No one, after all, is trying to convince Colonel Heller or Georgia Mayes to be a better person. "Okay," is all she says, neither disbelieving nor believing. Okay, and that's all.

As always, if Benji tells her to do something, then she will do it. "Astor will know if I get sick before I do," she reminds her gently, though she can feel her optimism faltering, because if Astor caught everything then he wouldn't be an orphan. More importantly: Calvin wouldn't have gotten as far as he already has.

She wipes at her face with both her hands, struggling to think of what else to say. What she comes up with is a simple, "I love you," which is as close to an apology and a goodbye as Benji is probably going to get.

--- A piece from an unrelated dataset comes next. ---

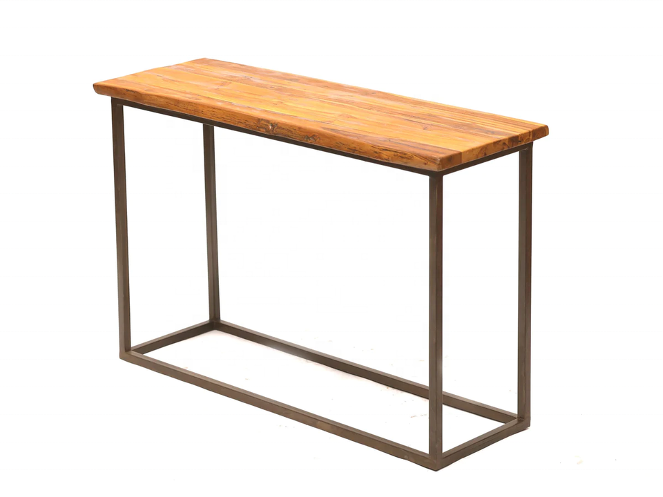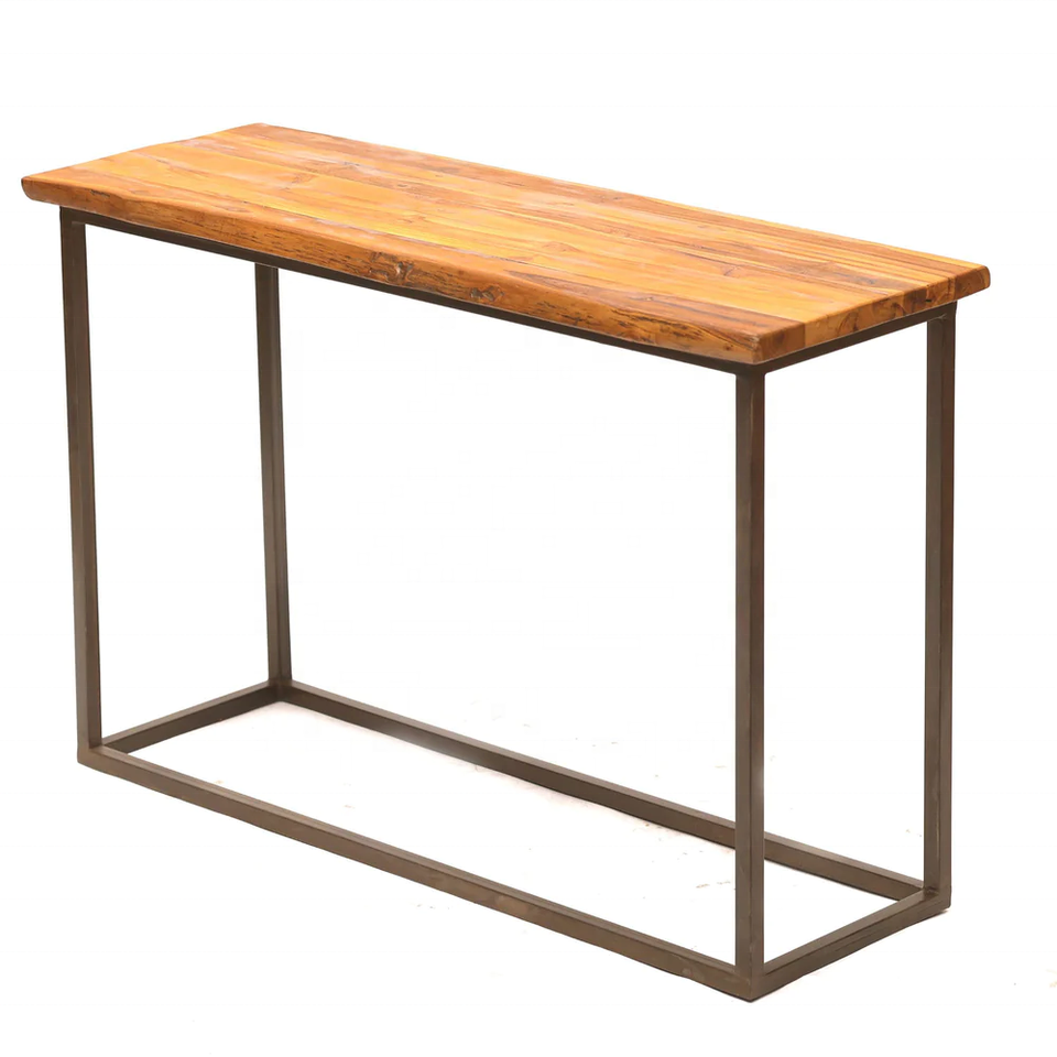 Mesa consola de hierro y madera para sala de estar, tablero de madera de acacia con borde vivo sólido, acabado natural y Negro industrial vintage

And an I love you back sounds like forgiveness, and tastes bitter even before Benji can line up all three words. She didn't even hear the okay, busy trying not to drip vase water on the floor for all that there's a lot more important things to stress about than vase water. "Heart breaker," is said instead, facetiously coy and a little watery, kind of honest. "Please— be careful?" And that's that. Flowers tucked under arm, Benji turns, makes sharp steps for the door.

She's fleeing, more or less, from greasy tears and guilt — on both sides of the exchange — and only just manages not to catch the tail of her coat in closing door.